Глава 5. «РИО-РИТА».

   Мы идем по ночной Семеновской. Катя молчит, я молчу. Пофыркивая, летят редкие такси. Все я видел и все я здесь, на Семеновской, знаю.
   О прошлом поговорили. Теперь на вечер сходим. И то, что впереди, мне известно, и то, что позади. Впереди налево, например, метро Электрозаводская, направо по переулку – телевизионный театр, до этого – театр Моссовета, а до этого – Введенский народный дом, где когда-то в густом ночном саду я играл в казаки-разбойники, и в Чапаева, и в индейцев.
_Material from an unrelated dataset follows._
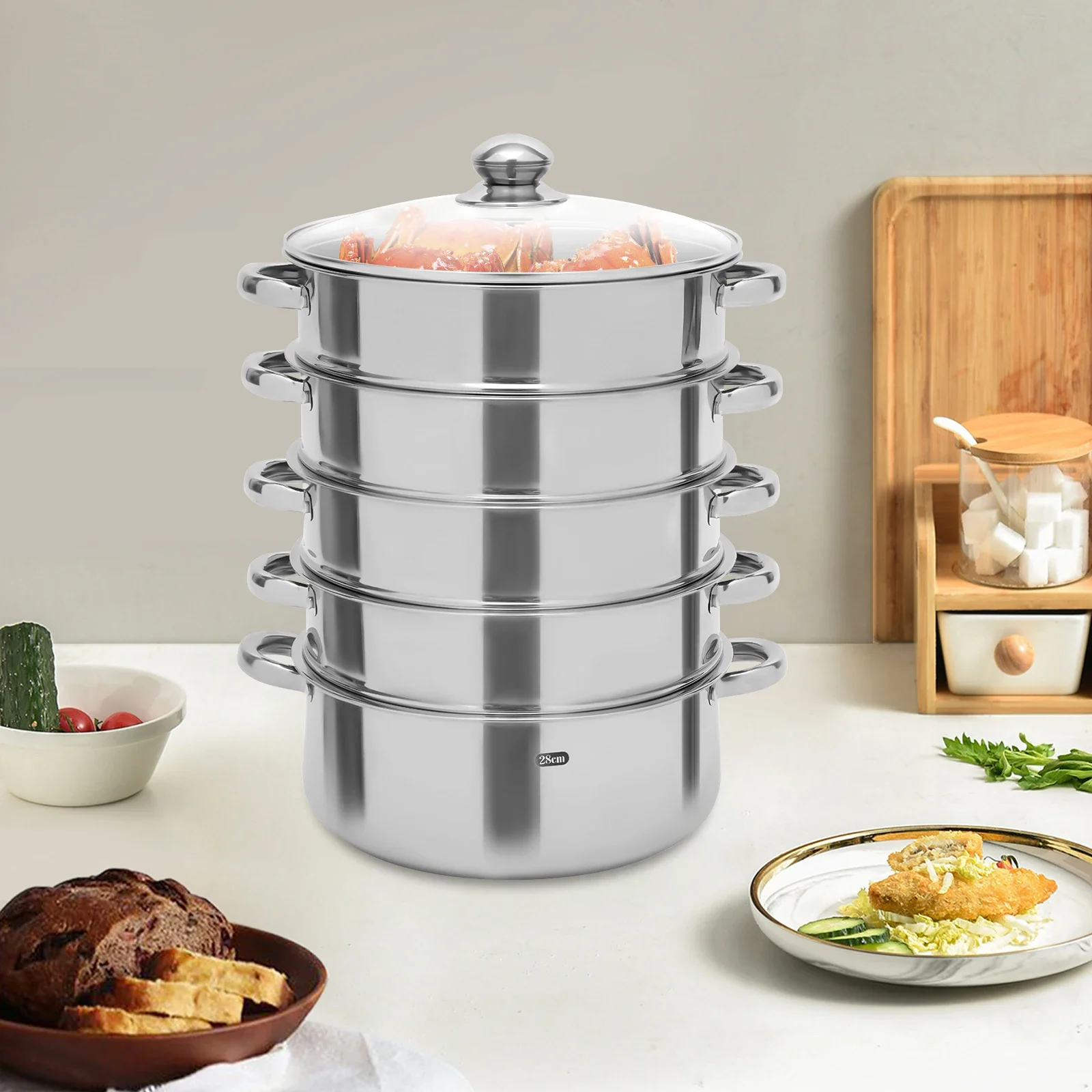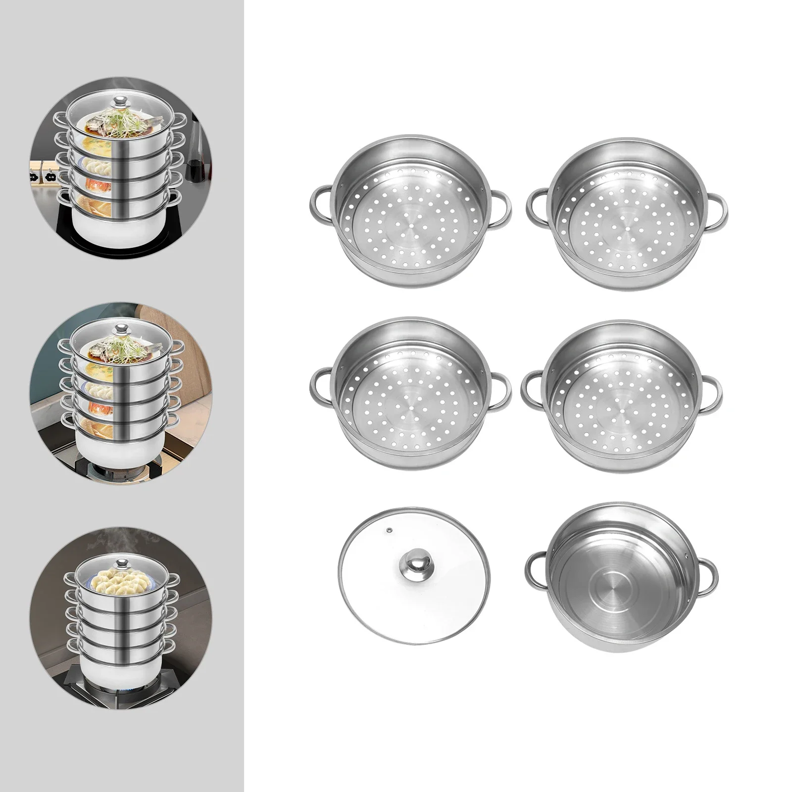 30cm 5-Tier Multifunctional Stainless Steel Steamer Kitchen Cooking Steamer Durable And Easy-to-clean

   А вон впереди и школа огнями сияет, и доносится танцевальная музыка. Слышно даже, как тенор поет по-английски «Хэвэн, ай эм хэвэн…».
   – Он поет, что он в раю, – говорит Катя. – Вы понимаете слова?
   – Нет. Мы учили немецкий, – говорю я.
   – Ваше поколение было совсем другое?
   – Каждое следующее поколение хуже предыдущего, – говорю я.
   – Вот как?
   – А как же? Мы вам говорим, что вы хуже, а нам родители. И так последнюю тысячу лет все хуже и хуже. Катя молчит.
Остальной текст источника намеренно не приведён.